Another MDG is to promote gender equality and empower women, which the authors argue will be achieved by family planning. It is hard to see how targeting women in foreign-funded fertility control programs in any way empowers them. Instead, it rather treats them as breeding machines to be disabled.
We at PRI have carried out surveys in several African countries which show that while women desire many forms of health care, reproductive health care is not one of them. If you really want to empower women, health-wise, help them to meet their personal and familial health needs by providing antibiotics, vitamin supplements, malaria tablets, etc.
No one would dispute the importance of reducing child mortality, another MDG goal. It is also one that is, through the provision of primary health care and reasonable nutrition, eminently achievable. Instead the authors take us down the convoluted and indirect path of reducing child mortality . . . by spacing births.
Now it may be true that an estimated one million infant deaths a year could be prevented if all births were spaced a minimum of 2 years apart, but it is disingenuous for the authors to claim that this is either their primary motivation or the most efficient means to this end.
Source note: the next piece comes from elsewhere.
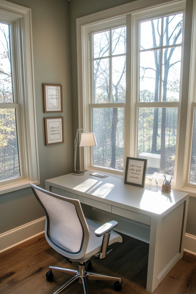 Start by painting the walls in Evergreen Fog, ensuring a smooth matte finish. Choose a simple desk in natural wood or painted in a light neutral, and incorporate storage solutions that keep clutter out of sight. Use natural fiber rugs and textured textiles for added softness and visual depth. Maximize natural light with sheer curtains that diffuse sunlight without blocking it. Select task lighting that complements the muted palette—think LED desk lamps with warm white bulbs. Keep surfaces clear and organize supplies in discreet containers to maintain serenity.

Their real goal, quite obviously, is to eliminate the ten million or so babies each year who are born within 24 months of a sibling. Reducing the infant mortality rate is merely a convenient cover story for their real end. This is, as the article admits, further reductions in fertility rates.
As far as improving maternal health, the next MDG goal they mention, the same objection applies. They claim that family planning saves lives by reducing unintended pregnancies and unsafe abortions, but this is just a side effect of their real goal, which is to reduce the number of children born.
As everyone by now knows, if you want to reduce maternal mortality, you address the problem of unattended births. If you do so, you will save not just the 150,000 lives claimed by the authors, but easily 10 times that number.
The report concludes with a breathless plea that echoes back to the original, discredited, population bomb thesis: If population growth is not slowedin the few remaining countries where it is still a problem–then hundreds of millions of families will suffer from poverty, hunger, inadequate education, and lack of employment opportunities.
Better, the authors imply, if they had never been born.
i Martha Campbell, John Cleland, Alex Ezeh, Ndola Prata, Return of the Population Growth Factor, Science 315 (16 March 2007): 1501-2.
ii Steven W. Mosher, Population Control: Real Costs and Illusory Benefits (New Brunswick: Transaction Press, 2008), especially Chapter 5.
iii Steven W. Mosher, "’Reproductive Health Care,’ the ‘Demographic Imperative,’ and the Real Health Needs of Women in the Developing World (Part One)," Linacre Quarterly Vol. 76, No. 1 (February 2009), 38-42.